I was bumming around with Em, years ago, sitting on a bench at a little park. It was autumn and cold and there were no kids around. We were just sitting there without talking, there was nothing more to say. Over her shoulder I saw a little playground with some plastic animals set on springs. I got up and walked over there and she followed me. We both took an animal and started rocking back and forth. Hers was a dragon. Mine was a sea horse.
“Are we old?” She asked.
“No,” I said, “not yet.”
“I feel old.” She shivered beneath her coat.
We sat there side by side, rocking gently back and forth. I tried to reach out and touch her, but she bent sideways on her spring, so I stopped. A breeze blew some dry leaves off the trees and they settled on the ground around us. I was looking at them when I saw the kid. He was standing by the swings, one arm looped around the pole, just looking at us. Well, he wasn’t looking at us exactly, he was looking at our animals.
“Can I try?”
“Yeah dude, knock yourself out.” He came walking up to my sea horse and put a hand on its curved plastic tail. I stepped off with one leg, but my pants caught in the spring. The horse pulled forward with me as I tugged. When I yanked it free the horse jumped up.

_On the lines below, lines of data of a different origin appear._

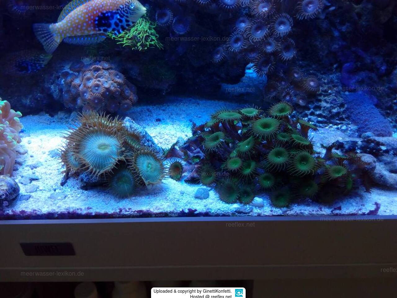 Habe diese hübsche Kruste bei meinem Händler erworben. Sie fiel mir aufgrund ihrer riesigen Polypen direkt ins Auge. Ich habe einige Arten an Palythoas im Aquarium aber diese sieht anders aus.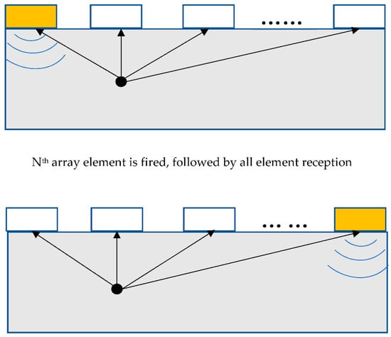 Drinkwater proposed an advanced imaging approach (known as TFM) using the so-called FMC data, whereby all the scattered signals from each transmit–receive pair are thoroughly exploited for post-processing [15]. The imaging resolution and detectability of TFM is overwhelmingly higher, relative to others [16,17]. The schematic diagram of transmission and reception in FMC is demonstrated in Figure 2 below.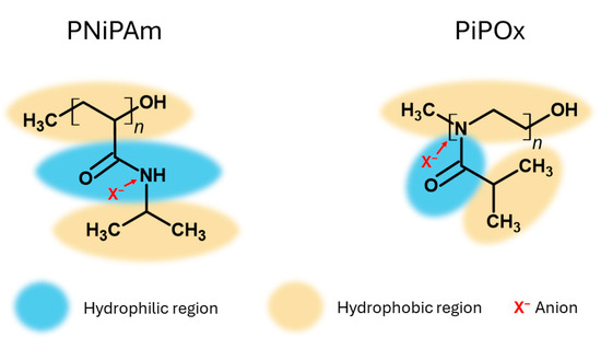 - Pérez-Fuentes, L.; Bastos-González, D.; Faraudo, J.; Drummond, C. Effect of Organic and Inorganic Ions on the Lower Critical Solution Transition and Aggregation of PNIPAM. Soft Matter 2018, 14, 7818–7828. [Google Scholar] [CrossRef] [PubMed]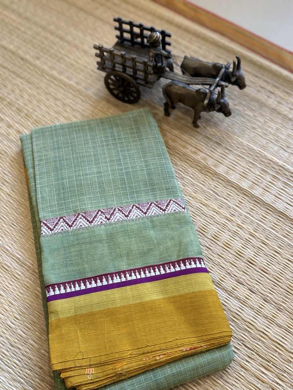 Be the first to review “Sage Mustard Narayanpet Cotton Saree”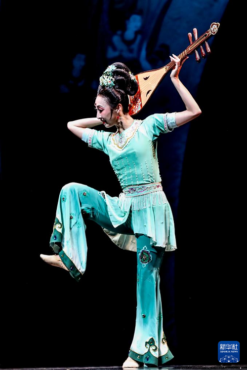 9月20日晚,演员在敦煌大剧院表演新版《丝路花雨》,展示经典舞姿“反弹琵琶”。(新华社记者 郎兵兵 摄)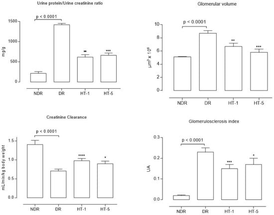 Mean values (mean ± standard error of the mean) of the proteinuria/urine creatinine ratio, calculated creatinine clearance, glomerular volume, and glomerulosclerosis index after eight weeks of follow up in control nondiabetic rats (NDR), control diabetic rats (DR), and DR treated with hydroxytyrosol 1 mg/kg/day p.o. (HT-1) or 5 mg/kg/day p.o. (HT-5). N = 10 rats per group. * p = 0.04, ** p = 0.001, *** p = 0.004, **** p < 0.0001, with respect to DR.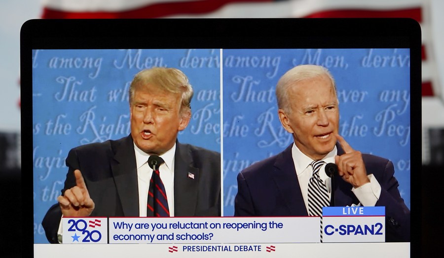 Photo taken in Arlington, Virginia, the United States on Sept. 29, 2020 shows C-SPAN 2 live stream of U.S. President Donald Trump (L) and his Democratic challenger Joe Biden speaking during their first debate in the 2020 presidential race. (Xinhua/Liu Jie)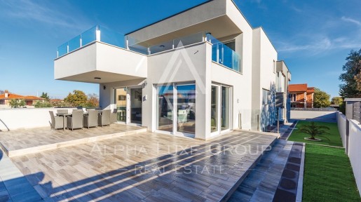 Izvanredna vila s 4 spavaće sobe i modernim dizajnom blizu centra Poreč Predstavljamo vilu koja prekrasno kombinira modernu arhitekturu s mediteranskim okruženjem, smještenu u mirnim predgrađima Pore...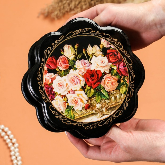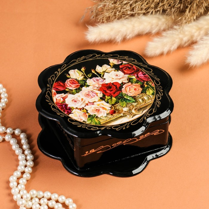 Шкатулка «Розы», 16×16 см, лаковая миниатюра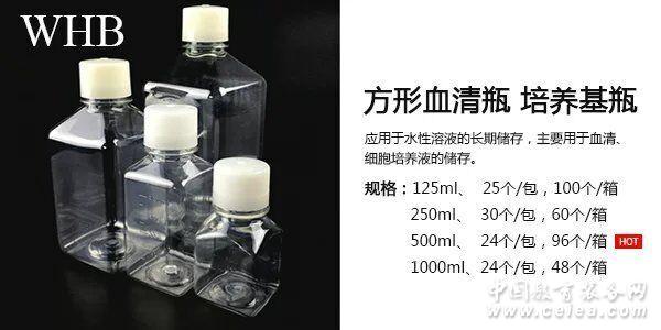產品詳細介紹 WHB血清瓶由高品質PETE材質,精密模具及自動化設備生產制造,具有極佳的透明性和耐用性。 本產品應用于水性溶液的長期儲存,主要用于血清、細胞培養液的儲存。 ◐ 白色尼龍蓋子,高強度、瓶身帶精確刻度。 ◐ 常用的規格:125ml、250ml500ml1000ml可選擇。 ◐ 可耐低溫-135℃,冷凍儲存。 ◐ 瓶身為方形,方便拿握,方便儲存。 ◐ 經伽馬射線消毒滅菌,無DNA酶、無RNA酶、無熱源。 細節圖片: 血清瓶,培養基方瓶 血清瓶,培養基方瓶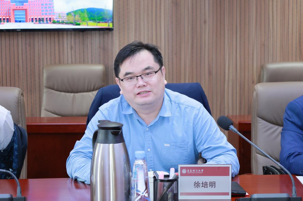 泰山体育产业集团有限公司副总裁徐培明介绍了企业发展情况,并重点介绍了企业新产品研发、科创团队及科研经费投入等情况,希望双方能够进一步加强交流,期待未来更多深度合作的机会,共同推动产教融合,在科技成果转化、本科专业共建、人才培养等方面取得更大成效,共创校企合作的新篇章。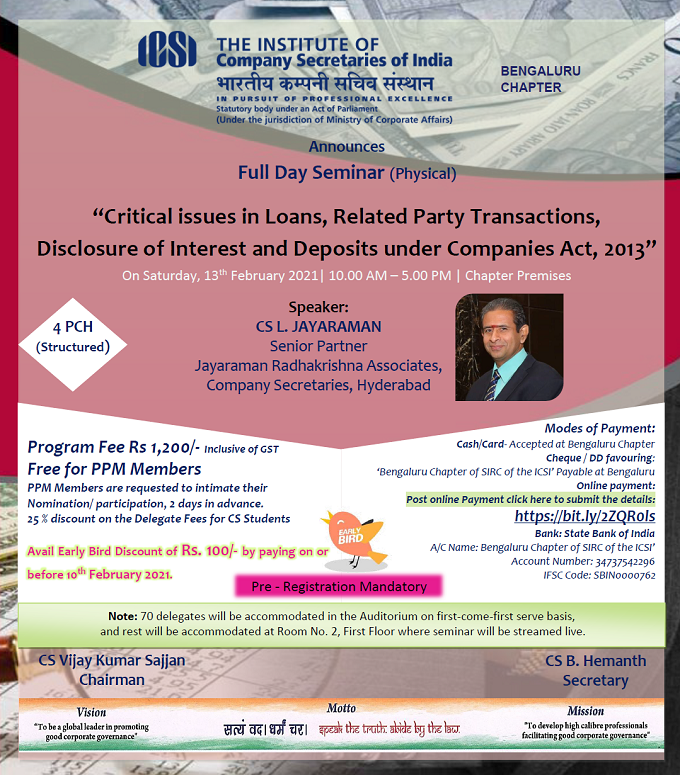 ICSI - Bengaluru Chapter is organizing a Full Day Seminar

Em gasped. My hands rose of their own volition and gripped my hair. “Oh shit.”
“Why did you do that?”
“Oh shit.”
“Oh my god, look at him. Something’s wrong with him.”
She was right, something was wrong. I went over, crouched down and looked at him lying there. The fingers of one hand were clenching and unclenching, like an insect without its head. I looked at his little ribs. “He’s breathing.”
“Why did you do that?” She asked again. She wasn’t looking at the kid anymore, she was looking at me. I wasn’t going to answer a question like that. It was cold and the dying leaves rustled on their branches. Another one broke and came drifting down.